When the bottle is empty and in the recycling bin, I grab a bottle of water and the ingredients for my dinner. I've been eating out too much lately, and I have the overwhelming desire to cook something. My chicken and vegetables are roasting when the phone rings. I wipe my hands on a towel and walk over to the phone. It keeps ringing, but I don't answer it. Part of me wants to. I want to pick it up, and say her name out loud again. But I don't. I can't. I stare at it while it rings two more times, and then the answering machine picks up and I hold my breath.
"Hey Harm, it's me. Mac."
It's her. She always introduces herself, as if I could ever forget the sound of her voice. Only… She doesn't sound like herself. She sounds happier than she did on the last message. She sounds lighter. And I feel a little breathless with anticipation.

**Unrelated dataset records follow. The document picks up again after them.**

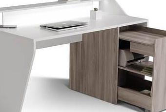 Le bureau connecté Cinlou mesure 139x91x65,2 cm. Il est associé à un caisson sur roulettes mesurant 59,9x67,9x38,4 cm.
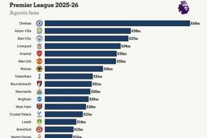 切爾西在本賽季支付了6510萬英鎊的經(jīng)紀人費用,連續(xù)第三個賽季領跑俱樂部榜單。2025-26賽季,切爾西占到了英格蘭足球聯(lián)賽92家俱樂部經(jīng)紀人總支出的12%。
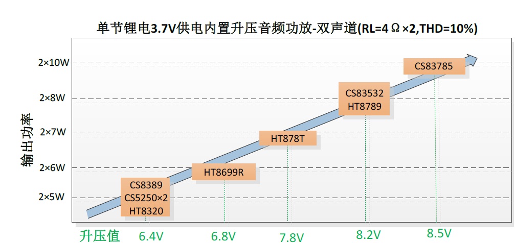 內(nèi)置BOOST升壓的2×5.5W立體聲音頻功率放大器 |
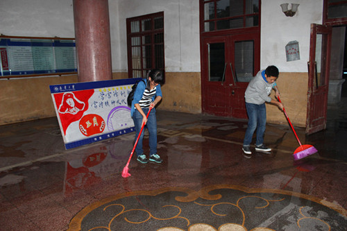 本应在星期天休息的广大院团学干部早早的就带着劳动工具在二教201教室集合,在院勤工助学中心同学做细致的指导和讲解后,让同学们明确了各自劳动区域的清洁要点。紧接着,举行了一个小型的动员仪式,片刻间大家的干劲更加充足了。随后,大家纷纷拿起劳动工具开始了对二教各个卫生区域开展认真细致的清理。清理过程中同学们分工明确、积极有序不放过任何一个角落,大到地面的杂物、课桌里的碎纸屑,小到插座上的灰尘,黑板刷上的粉笔灰,都一一认真地打扫干净。不知不觉中天渐渐黑了,大家依然干劲十足,小心翼翼地擦拭展板,一丝不苟地刷洗地板,集中地往外运送清理出来的垃圾。直到晚上8点多才满意的悄悄离开教学楼。
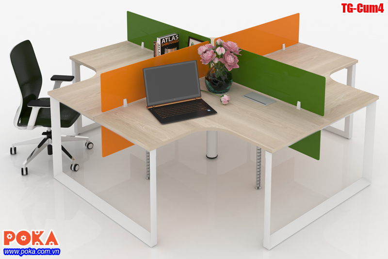 Cụm bàn nhân viên 4 chỗ ngồi sử dụng chân bàn văn phòng TG-Cum4
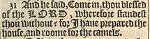 31 And he said, Come in, thou blessed of the LORD, wherefore standest thou without? for I haue prepared the house, and roome for the camels.
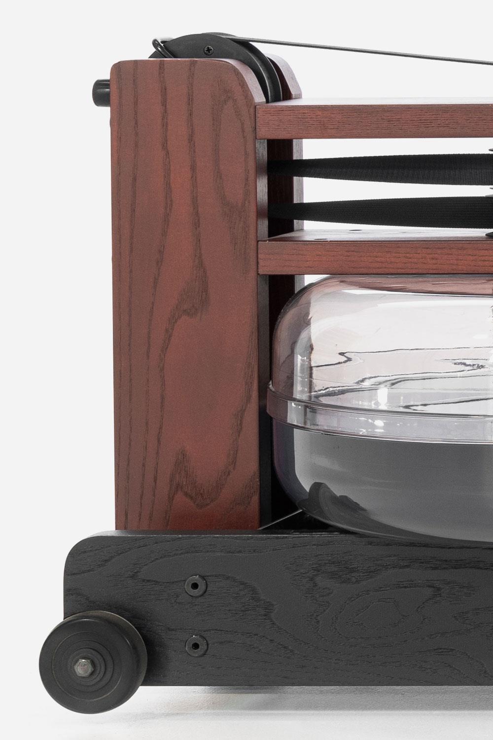 Original WaterRower Rudergerät aus massivem, schwarz und rosé-farben gebeiztem Eschenholz. Das Herzstück des WaterRower ist der Wassertank aus stabilem Polycarbonat mit dem ergonomisch geformten Wasserpaddel. Es wird eine maximale Wassermitnahme ermöglicht und der gleichmäßige, ruckelfreie Widerstand wird erzeugt. Das Training mit Wasserwiderstand ist absolut gelenkschonend und gleichzeitig extrem effektiv. Holz absorbiert Geräusche und Vibrationen und unterstützt den reibungslosen, leisen Betrieb des WaterRowers.
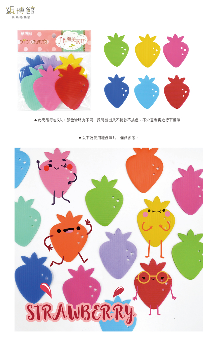 ●適合用於卡片、佈置、裝飾時使用。 ●尺寸:約6.5x8.7cm ●1包6片入,採隨機出貨,不挑色,不能接受者請勿下單,謝謝! ●材質:PP板,外觀上呈中空狀 ●PP瓦楞板特色: 1. 材質輕盈、易裁切。 2. 防潮性佳、可直接水洗、可回收。 ●注意: 本商品含有小配件,8歲以下幼童須由家長陪同使用 ●保存期限:10年 ※商品會因電腦顏色有所差異,以現貨為準,介意色差者請勿下標 ※若有顏色款式問題,或需大量訂購,歡迎來電諮詢
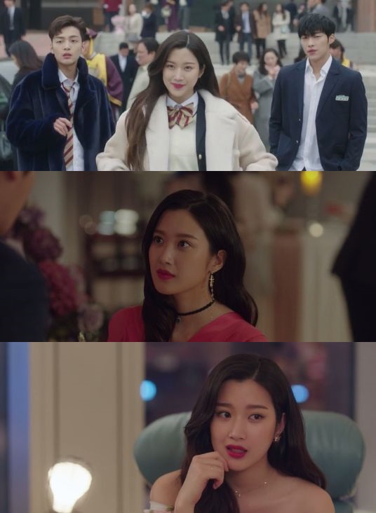 문가영은 등장부터 강렬했다. 명정 병원 손녀 최수지로 분한 문가영은 우도환과 아찔한 스킨쉽을 연출하며 시선을 사로잡았다. 국어 선생 앞에서 권시현과 입술이 닿을 듯 밀착해 연인 사이인 척 연기를 한 것.
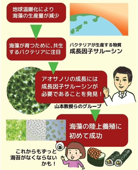 海藻が育つ仕組みは分かっていませんでしたが、本学山本教授らのグループは、海藻に着生している、バクテリアに注目し、バクテリアが生産する物質(成長因子サルーシン)がアオサノリ(ヒトエグサ)の成長に必要であることを発見しました。
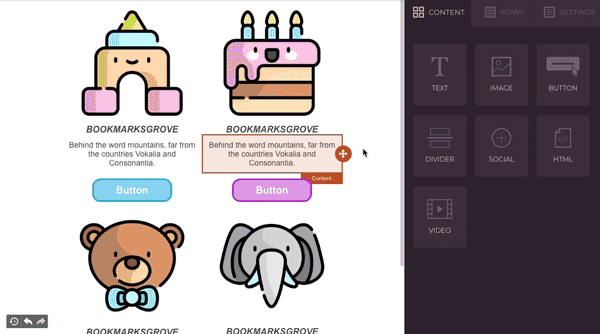 Saved Rows allows end users to select a row in a design and save it for later use. More specifically, it allows end users to submit a request to the host application to save a piece of content and turn it into a reusable element. The host application, using `externalContentURLs`, can feed these saved elements back to the builder as rows that can be dragged into other designs.
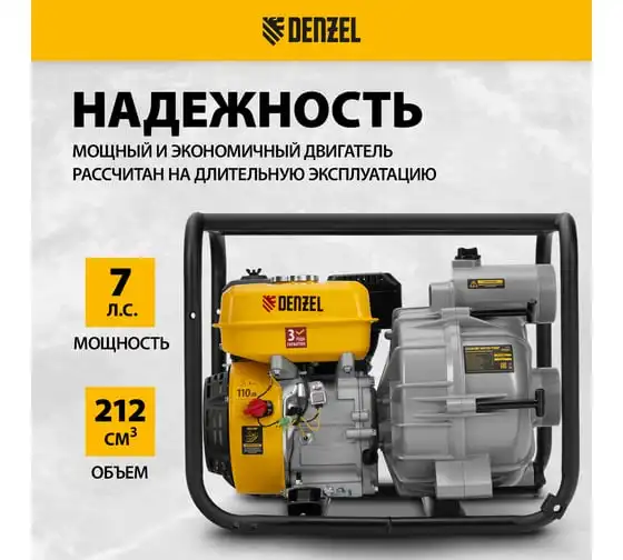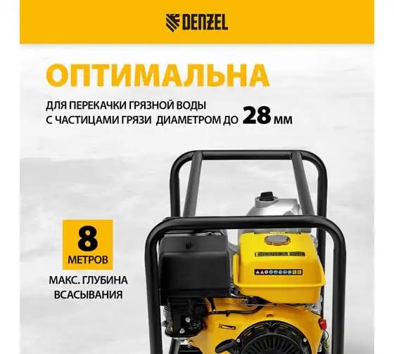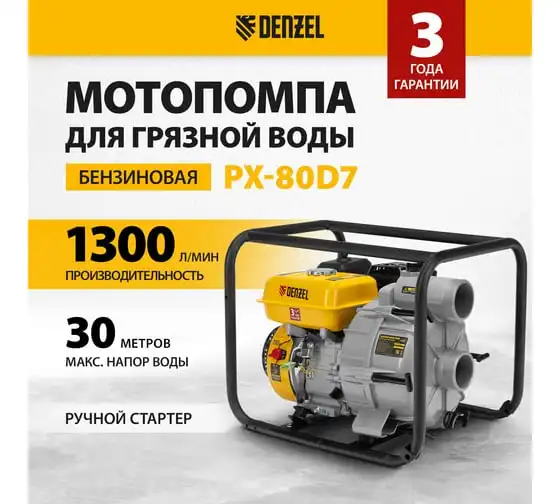Мотопомпа бензиновая для грязной воды Denzel PX-80D7, 7 л.с., 3", 1300 л/мин, глуб 8 м, напор 30 м 99206
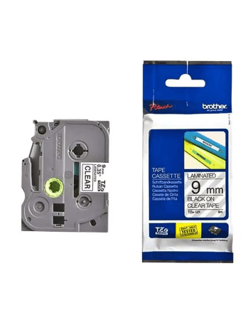شريط وسم TZE-121 شفاف/أسود 9 مم
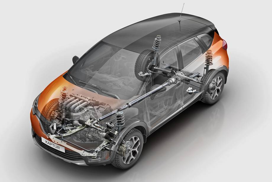 От европейского кроссовера Captur если сравнить наш Kaptur (Каптур) отличается не только элементами дизайна и возросшими габаритами. В основе первого — платформа хэтчбека Clio с жёсткой короткоходной подвеской, а у второго — модернизированная «тележка» B0, знакомая по непробиваемому Дастеру. В нынешнем виде её зовут Global Access и по-модному именуют модульной: на ней построены и хэтчбеки, и кроссоверы с минивэнами. В зависимости от типа привода задняя подвеска, как и у Дастера, — полузависимая или независимая, передняя ― всегда McPherson. Шасси Каптюра отличается от дастеровского изменённым передним подрамником, иными передними рычагами, перекалиброванными пружинами и амортизаторами. Передний стабилизатор отныне привулканизирован к втулкам.
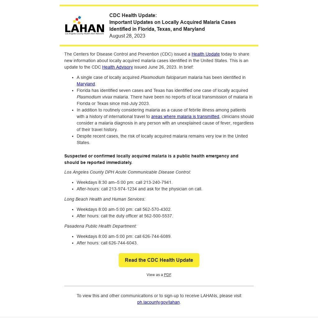 Suspected or confirmed locally acquired malaria is a public health emergency and should be reported immediately.
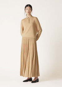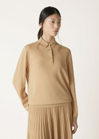 With every movement, the shimmering knit of the Luciole polo shirt comes alive, its soft sheen echoing the play of candlelight on champagne. In this classic polo design, ultra-soft cashmere is interwoven with a whisper of Lurex. The gold-tone metal logo buttons add an extra touch of sophistication, making it an ideal choice for special occasions where understated glamour is desired. Product details Ribbed cuffs and bottom hem Regular shoulder Closes with three gold-tone metal coin-style buttons engraved with Crest motif Composition: 90% Cashmere, 10% Technical Fabric Model wears an IT 36 Model measures: height 5′ 10″/ 179cm, bust 31.1″/ 79cm, waist 24.8″/ 63cm, hips 35.0″/ 89cm. Made in Italy Product code: FAO5190
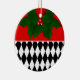 Decorate your Christmas tree with this festive black and white harlequin pattern ceramic ornament. This ornament features green holly leaves and red berries. Turn it over to personalise with your own words.
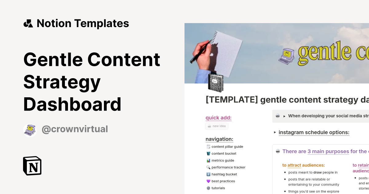 Gentle Content Strategy Notion Dashboard Template Crown Creatives
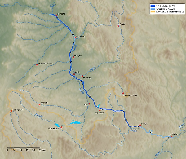 Начинается от города Бамберг, протекает через Нюрнберг и соединяется с Дунаем у города Кельхайм.

"This is silly, and I feel like such an idiot telling you this. But I think I've made a friend. Or at least, I'm in the process of making a friend. I'm headed to have a late dinner with her now. Anyway. I remembered how a few weeks ago I told your answering machine that my lack of friendships and lack of pride in myself needed to change, especially since I didn't have you in my life anymore. I don't know if you listened to that message, or really if you've listened to any of these. But if you do listen to these, I want you to know that I'm doing better. I miss you and I hope you're in a good place. You deserve it."
I stand and stare at the machine for a while. She's doing better. She's moving on. She has a potential new friend. And what do I have? Nothing. I have absolutely nothing. I know it's not her fault. Logically I know that. But she's moving on with her life while I'm stuck in this horrible limbo, and I hate her for that.